A competitive landscape

It's a solid proposition. And the customer roster is solid, too, though luxury car-making (Aston Martin, Biddiscombe's favoured use case) is a bit of a niche vertical. The challenge is that the company is doing fine, but is still pretty small and faces some hefty competition. Granted the special circumstances of the Pandemic, predicting sales of between $195 million and $205 million, for a decline of 5% to flat over 2019, for 2020, is not Unicorn-level valuation, and when Biddiscombe goes into sales beauty contests he's facing people like Microsoft, VMware and the like.

So how does he cope… what's the MobileIron buy reason, if it's ultimately a challenger brand? For Biddiscombe, the USP is focus and expertise:

Historically, we've always won when security mattered. Because we've had a much stronger security framework set of certifications, we've always won when security mattered. Our competition didn't historically have the same certifications for security that we had. In order to compete effectively against Microsoft and VMware, if we don't have the best-in-breed technology for what we do, then obviously the breadth of what others can bring makes it harder for us to compete. So we've always got to have the best in breed. There's not a customer or an analyst out there who doesn't think that MobileIron is the best technology in the market, and we believe it wholeheartedly.

When I think about what we offer today, in terms of how simple it is to onboard a customer, the user experience associated with our technology, the flexibility we offer... competing with Microsoft is often about nobody really wants to do business with Microsoft, right? They didn't get to be the biggest company on Earth giving software away for free. They usually don't have the best product in the market either. Microsoft ultimately wants to lock you into the Microsoft stack. They don't want to make it easy for you to send business to AWS. So we're Switzerland-agnostic as to services, client services, and OS.
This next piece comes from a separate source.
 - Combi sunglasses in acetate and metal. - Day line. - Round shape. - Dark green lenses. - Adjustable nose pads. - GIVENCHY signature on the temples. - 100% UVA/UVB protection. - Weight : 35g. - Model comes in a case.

The other thing that's hidden in our numbers is that we're going through that transition that many software companies have to go through-from being a perpetual on-prem license business to an increasingly cloud business that's subscription-based. When I think about what we've done with our identity solutions, when I think about what we're doing with threat defense, when I think about what we're doing with the Mac OS, the new solutions are growing very nicely in the market at this point in time.

My Take

MobileIron came out of an interesting place, and has been able to maintain its distinctiveness. Undeniably, it's a smaller company than its rivals, but if it can pull off its planned expansion into Identity, the corporate Mac world, and field worker (especially in healthcare - think, clinicians with iPads needing secure access and prove their credentials on the move), then the immediate future will be (ahem), secure.
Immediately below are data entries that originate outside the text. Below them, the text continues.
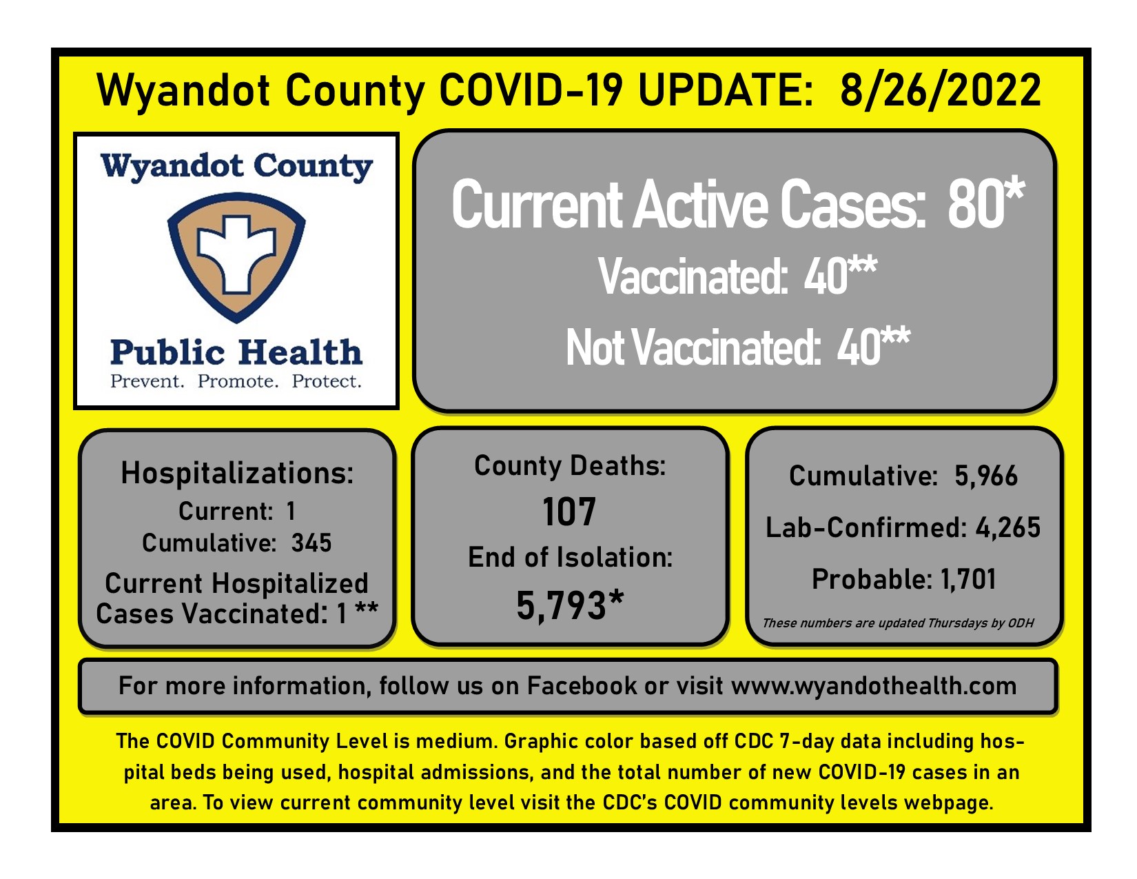 Walk-in COVID-19 vaccine clinics for 18 and older (Moderna and J&J) are 9 a.m. to 4 p.m. Wednesdays at Wyandot County Public Health. Appointments are available for upcoming COVID-19 vaccination clinics for youth ages six months to 17 years on Mondays and Fridays. To schedule call 419-294-3852. WCPH currently is out of COVID test kits. […]
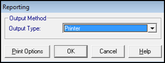 The Reporting screen displays. - Select Printer as the Output Type.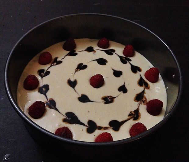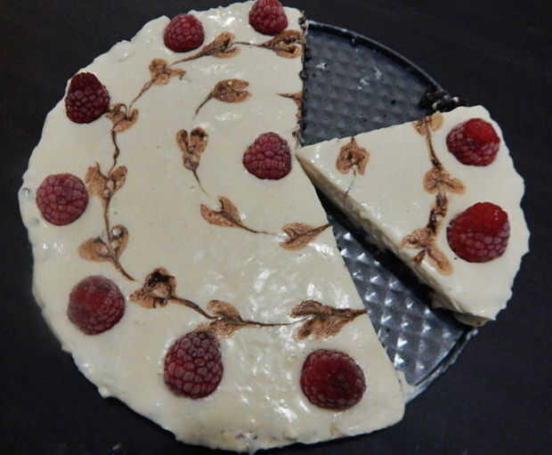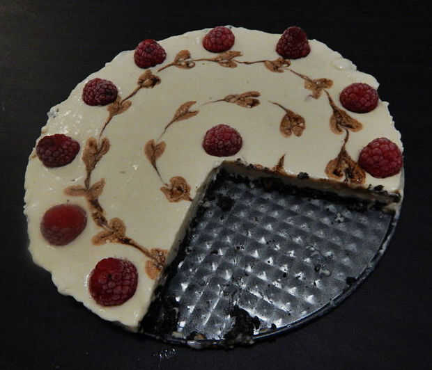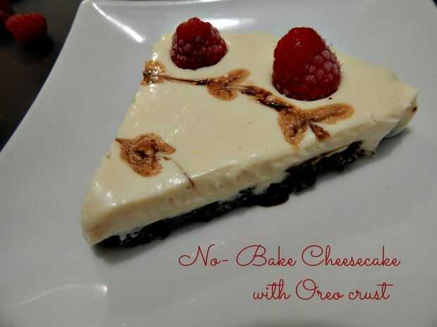 La corteza de la base es hecha de migas de oreo, el relleno es la mezcla de queso crema y condensar la leche. Rematado con salsa de chocolate y frambuesas frescas. Suena delicioso verdad??

Indeed, just as we were going to press, in another sign there's no lack of confidence at the top of the company, MobileIron announced it had made its first ever acquisition: a swoop on German/Polish mobile automation app release software specialist incapptic Connect, with the claim that enterprise app release processes can be simplified and brands can bring their security and employee productivity strategies "to life" in parallel.
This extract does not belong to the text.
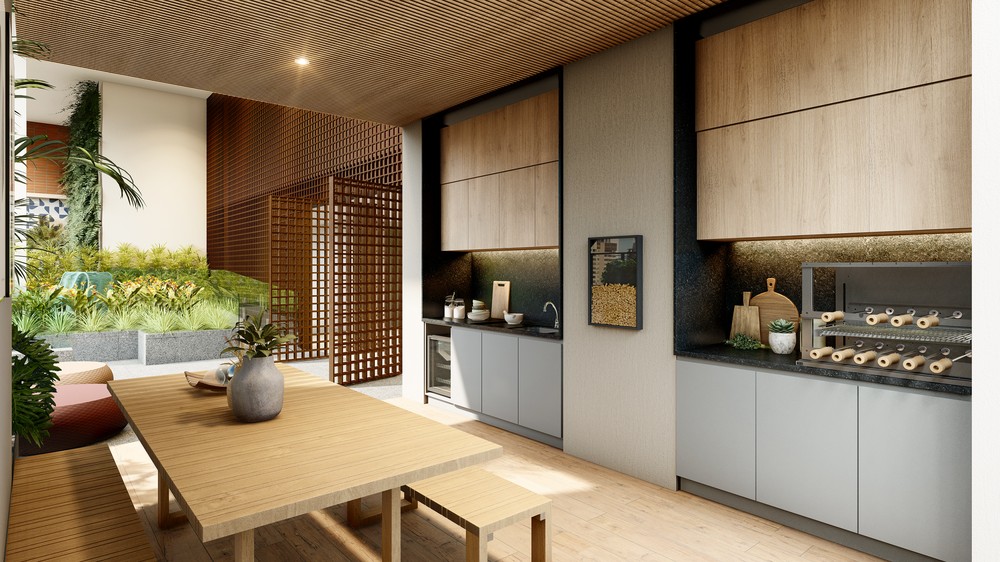 A parte de lazer também tem novidades exclusivas. São dois ambientes diferentes para os moradores aproveitarem. No mezanino, há um espaço mais voltado para os moradores curtirem com suas famílias, e inclui salão de festas com projeto de design incluso, piscinas para todas as idades, salão de jogos e churrasqueira. Já o rooftop apresenta um grande e privativo espaço gourmet para a realização de eventos e uma piscina com vista panorâmica da cidade.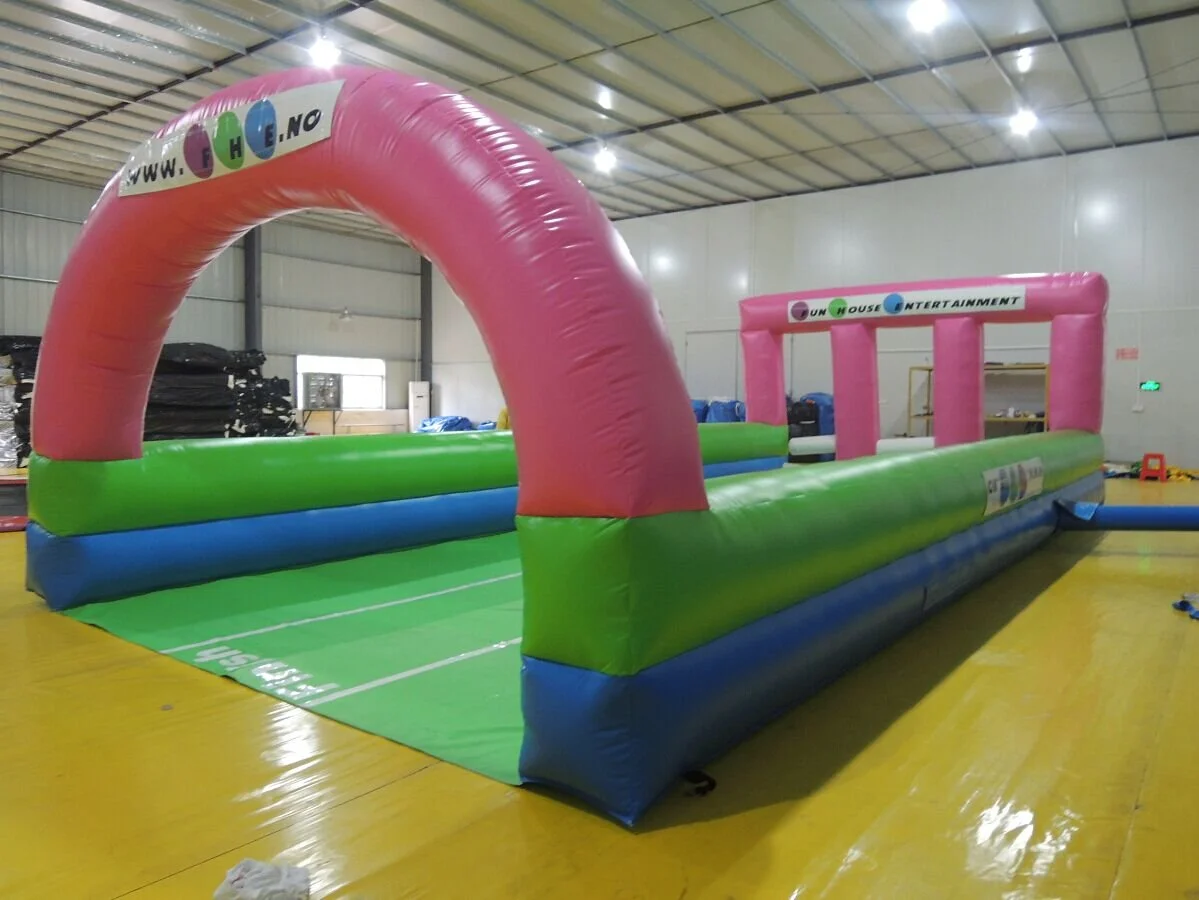 EN OPPBLÅSBAR FOTBALLBANE SOM KAN FYLLES MED VANN ELLER SÅPEVANN FOR Å GI EKSTRA GLATT UNDERLAG. RESULTATET ER KAOTISK, LATTERFYLT OG FULLT AV SKLI OG FALL. EN ANNERLEDES OG UTROLIG MORO MÅTE Å SPILLE FOTBALL PÅ.

On the call, Biddiscombe also told us about plans for mobile phishing defence, which is another intriguing fresh market certainly worth exploring. Yes, it could be bought out by a bigger layer-but CIOs (and CEOs with their still-favourediPhones) may well agree with this Welsh former accountant that things like COVID-19 actually show why we still need companies like his:

MobileIron's vision was to enable workers to be able to work on any device connected to any service and give the CIO confidence that corporate data is secure, regardless of where it sits. With our new passwordless authentication capabilities and the device becoming your identity, which we've picked as our focus moving forward, enabling employees to have secure passwordless authentication into whatever service it is the need to be able to do their job and allow the CIO confidence that his corporate data is protected as robustly as he'd always have expected it to be, I think the current crisis is actually going to help make that a convincing proposition to many people.